With recent patch to improve detection of vector rotates at RTL level
combine now tries matching a V8HImode rotate by 8 in the example in the
testcase. We can teach AArch64 to emit a REV16 instruction for such a rotate
but really this operation corresponds to the RTL code BSWAP, for which we
already have the right patterns. BSWAP is arguably a simpler representation
than ROTATE here because it has only one operand, so let's teach simplify-rtx
to generate it.
With this patch the testcase now generates the simplest form:
.L2:
ldr q31, [x1, x0]
rev16 v31.16b, v31.16b
str q31, [x0, x2]
add x0, x0, 16
cmp x0, 2048
bne .L2
instead of the previous:
.L2:
ldr q31, [x1, x0]
shl v30.8h, v31.8h, 8
usra v30.8h, v31.8h, 8
str q30, [x0, x2]
add x0, x0, 16
cmp x0, 2048
bne .L2
IMO ideally the bswap detection would have been done during vectorisation
time and used the expanders for that, but teaching simplify-rtx to do this
transformation is fairly straightforward and, unlike at tree level, we have
the native RTL BSWAP code. This change is not enough to generate the
equivalent sequence in SVE, but that is something that should be tackled
separately.
Bootstrapped and tested on aarch64-none-linux-gnu.
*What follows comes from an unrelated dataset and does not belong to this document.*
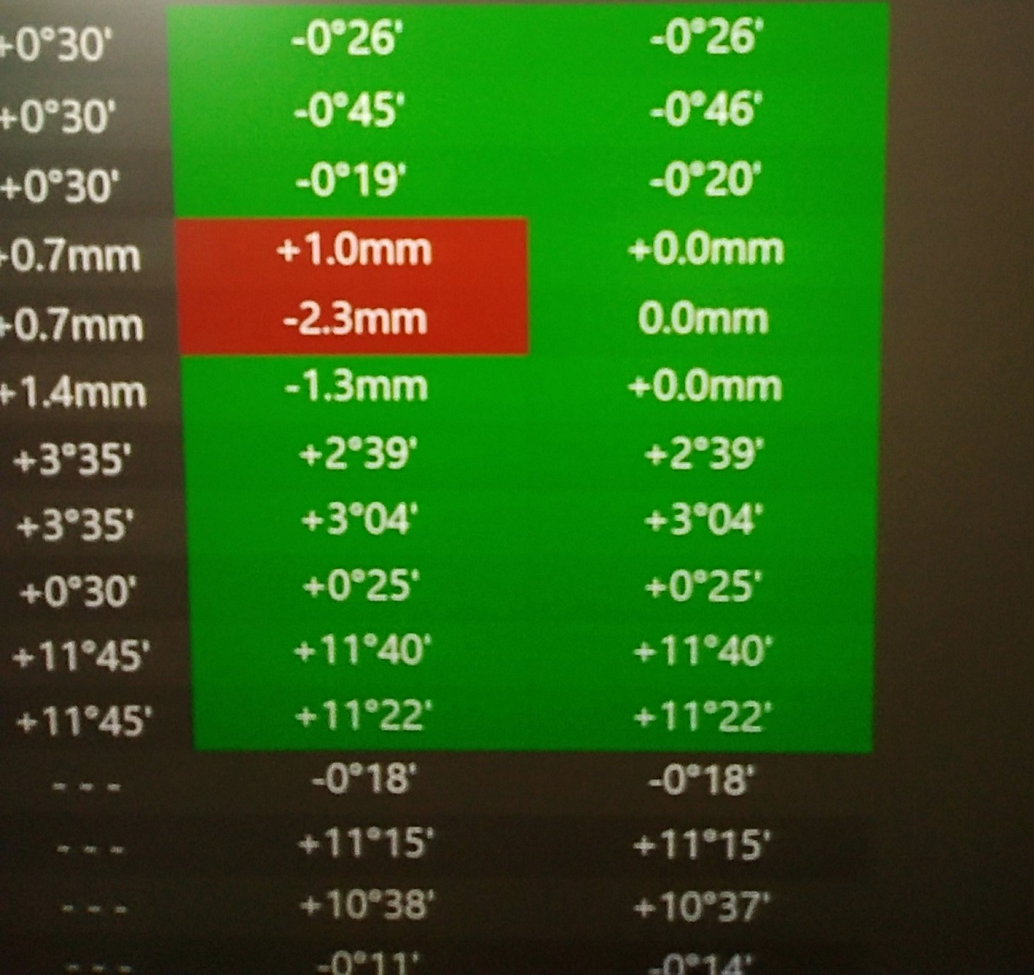 今回はタイヤの摩耗状態が内べり(トーアウト)にズレていたのでしっかり基準値に合わせました!!赤い部分が調整前と隣の数字が調整後になります。

Signed-off-by: Kyrylo Tkachov <ktkachov@nvidia.com>
gcc/
* simplify-rtx.cc (simplify_context::simplify_binary_operation_1):
Simplify (rotate:HI x:HI, 8) -> (bswap:HI x:HI).
gcc/testsuite/
* gcc.target/aarch64/rot_to_bswap.c: New test.
mode, op0, new_amount_rtx);
}
#endif
+ /* ROTATE/ROTATERT:HI (X:HI, 8) is BSWAP:HI (X). Other combinations
+ such as SImode with a count of 16 do not correspond to RTL BSWAP
+ semantics. */
+ tem = unwrap_const_vec_duplicate (trueop1);
+ if (GET_MODE_UNIT_BITSIZE (mode) == (2 * BITS_PER_UNIT)
+ && CONST_INT_P (tem) && INTVAL (tem) == BITS_PER_UNIT)
+ return simplify_gen_unary (BSWAP, mode, op0, mode);
+
/* FALLTHRU */
case ASHIFTRT:
if (trueop1 == CONST0_RTX (mode))
--- /dev/null
+/* { dg-do compile } */
+/* { dg-options "-O2 --param aarch64-autovec-preference=asimd-only" } */
+
+#pragma GCC target "+nosve"
+
+
+#define N 1024
+
+unsigned short in_s[N];
+unsigned short out_s[N];
+
+void
+foo16 (void)
+{
+ for (unsigned i = 0; i < N; i++)
+ {
+ unsigned short x = in_s[i];
+ out_s[i] = (x >> 8) | (x << 8);
+ }
+}
+
+/* { dg-final { scan-assembler {\trev16\tv([123])?[0-9]\.16b, v([123])?[0-9]\.16b} } } */
+